INSTRUCTIONS FOR THE TASK
Print out the data below in full and exactly, skipping the pictures.

RECORDS FOR THE TASK
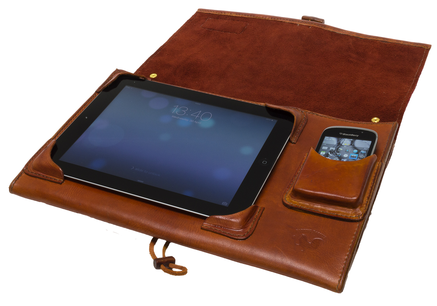 A professional, zippered leather or faux leather portfolio with inside pockets and a notepad holder, perfect for carrying resumes, proposals, and tablets to meetings.
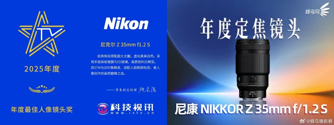 此外,尼克尔 Z 35mm f/1.2 大光圈定焦镜头,以极致的背景虚化效果、细腻的画质表现与精准的对焦性能,成为人像创作的利器。不仅丰富了尼康 Z 卡口专业光学生态,还一举斩获科技视讯“年度最佳人像镜头奖”、蜂鸟网“年度定焦镜头奖”。
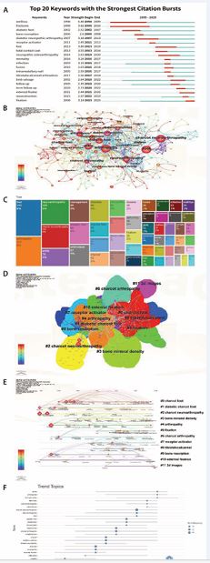 heightened research interest. Keyword co-occurrence network analysis demonstrates strong thematic correlations, with larger nodes representing higher frequency keywords and connecting lines indicating their co-occurrence within the literature (Figure 5B). The keyword tree dendrogram (Figure 5C), displays potential keyword combinations and their frequency proportions. Cluster analysis of keywords further delineates 11 distinct research themes, each represented by a uniquecolor in the network (Figure 5D). The evolution of these themes over time is visualized in the keyword timeline view (Figure 5E), which illustrates the emergence, duration, and interconnections of research topics. The keyword trend diagram (Figure 5F), synthesizes this information, indicating that keywords such as “FOOT,” “ARTHROPATHY,” and “NEUROARTHROPATHY” continue to define the central and evolving research fronts in this field.
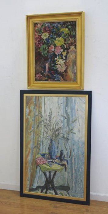 (1) Oil on board. Framed. Signed Scott Fogel on rear. Approx. 24" H x 18" W unframed, 30" H x 24" W framed. (1) Gouache on paper. Framed. Unsigned. Approx. 42" H x 26" W unframed, 47" H x 31" W framed. Property of a Bernardsville NJ collection (4069).
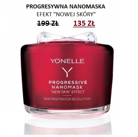 Nanomaska ‒ innowacyjny kosmetyk na bazie NANODYSKÓW™ wypełnionych witaminą C oraz kwasów o 4% stężeniu. Polecana do szybkiej rewitalizacji każdego typu cery dojrzałej, zmęczonej, do stosowania 2-3 razy w tygodniu. Już po jednorazowym użyciu skóra staje się miękka i gładka w dotyku, odświeżona, nawilżona, bardziej elastyczna, rozjaśniona. Stosowanie Progresywnej Nanomaski zapewnia narastające w czasie efekty: wygładzenia powierzchni skóry, ujędrnienia i zmniejszenia widoczności porów. Cera ma zdrowszy koloryt i wygląda młodziej. Efekt „nowej skóry” osiągnięto dzięki synergii działania witaminy C, transportowanej w głąb skóry przez NANODYSKI™, EKSFOLIACJI PROGRESYWNEJ™ na bazie KWASU FITOWEGO oraz nowatorskiej formy emulsji o niskim pH, zapewniającej ponadprzeciętną aktywność biologiczną Progresywnej Nanomaski. Efekt ten wspomaga ekstrakt z ALGI ŚNIEŻNEJ / SNOW ALGAE, który aktywuje gen przedłużający młodość komórek skóry.
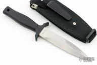 This Command I Boot Knife has a satin finished stainless steel spear point partially serrated blade with hidden tang. .235" Blade Stock. .943" Blade Depth. The handle is black aluminum with double guard and lanyard hole. Comes with a black nylon sheath with button closure and belt clip, original box. Has a couple light scuffs and scratches, otherwise excellent condition.
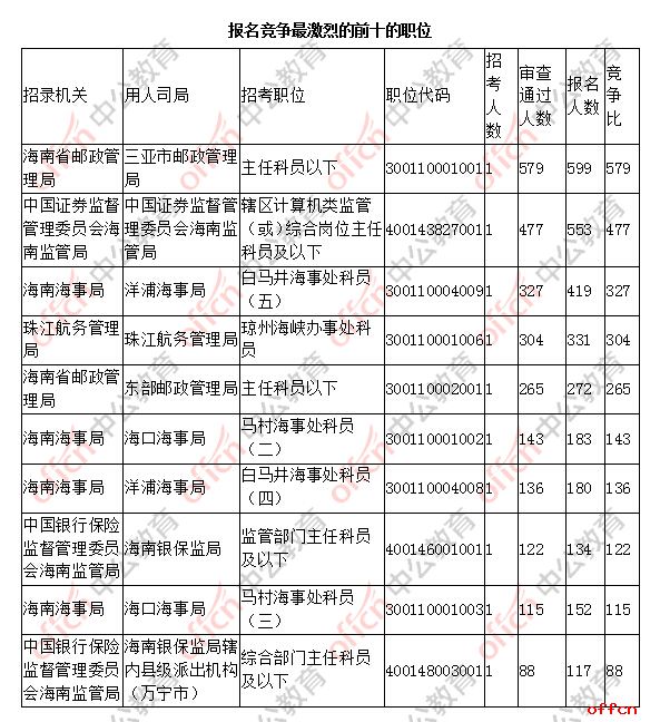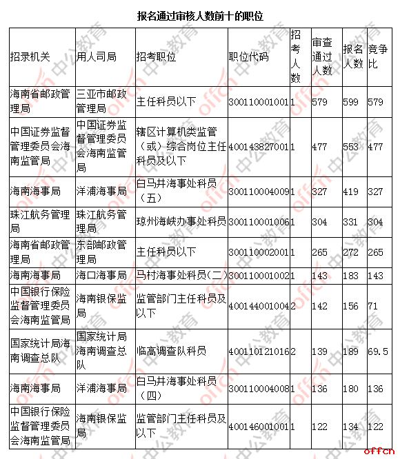 報名通過審核人數(shù)前十的職位主要集中在海南省郵政管理局、中國證券監(jiān)督管理委員會海南監(jiān)管局、海南海事局等部門,具體信息如下:

EXERCISE RESULT
 A professional, zippered leather or faux leather portfolio with inside pockets and a notepad holder, perfect for carrying resumes, proposals, and tablets to meetings.
 此外,尼克尔 Z 35mm f/1.2 大光圈定焦镜头,以极致的背景虚化效果、细腻的画质表现与精准的对焦性能,成为人像创作的利器。不仅丰富了尼康 Z 卡口专业光学生态,还一举斩获科技视讯“年度最佳人像镜头奖”、蜂鸟网“年度定焦镜头奖”。
 heightened research interest. Keyword co-occurrence network analysis demonstrates strong thematic correlations, with larger nodes representing higher frequency keywords and connecting lines indicating their co-occurrence within the literature (Figure 5B). The keyword tree dendrogram (Figure 5C), displays potential keyword combinations and their frequency proportions. Cluster analysis of keywords further delineates 11 distinct research themes, each represented by a uniquecolor in the network (Figure 5D). The evolution of these themes over time is visualized in the keyword timeline view (Figure 5E), which illustrates the emergence, duration, and interconnections of research topics. The keyword trend diagram (Figure 5F), synthesizes this information, indicating that keywords such as “FOOT,” “ARTHROPATHY,” and “NEUROARTHROPATHY” continue to define the central and evolving research fronts in this field.
 (1) Oil on board. Framed. Signed Scott Fogel on rear. Approx. 24" H x 18" W unframed, 30" H x 24" W framed. (1) Gouache on paper. Framed. Unsigned. Approx. 42" H x 26" W unframed, 47" H x 31" W framed. Property of a Bernardsville NJ collection (4069).
 Nanomaska ‒ innowacyjny kosmetyk na bazie NANODYSKÓW™ wypełnionych witaminą C oraz kwasów o 4% stężeniu. Polecana do szybkiej rewitalizacji każdego typu cery dojrzałej, zmęczonej, do stosowania 2-3 razy w tygodniu. Już po jednorazowym użyciu skóra staje się miękka i gładka w dotyku, odświeżona, nawilżona, bardziej elastyczna, rozjaśniona. Stosowanie Progresywnej Nanomaski zapewnia narastające w czasie efekty: wygładzenia powierzchni skóry, ujędrnienia i zmniejszenia widoczności porów. Cera ma zdrowszy koloryt i wygląda młodziej. Efekt „nowej skóry” osiągnięto dzięki synergii działania witaminy C, transportowanej w głąb skóry przez NANODYSKI™, EKSFOLIACJI PROGRESYWNEJ™ na bazie KWASU FITOWEGO oraz nowatorskiej formy emulsji o niskim pH, zapewniającej ponadprzeciętną aktywność biologiczną Progresywnej Nanomaski. Efekt ten wspomaga ekstrakt z ALGI ŚNIEŻNEJ / SNOW ALGAE, który aktywuje gen przedłużający młodość komórek skóry.
 This Command I Boot Knife has a satin finished stainless steel spear point partially serrated blade with hidden tang. .235" Blade Stock. .943" Blade Depth. The handle is black aluminum with double guard and lanyard hole. Comes with a black nylon sheath with button closure and belt clip, original box. Has a couple light scuffs and scratches, otherwise excellent condition.
 報名通過審核人數(shù)前十的職位主要集中在海南省郵政管理局、中國證券監(jiān)督管理委員會海南監(jiān)管局、海南海事局等部門,具體信息如下:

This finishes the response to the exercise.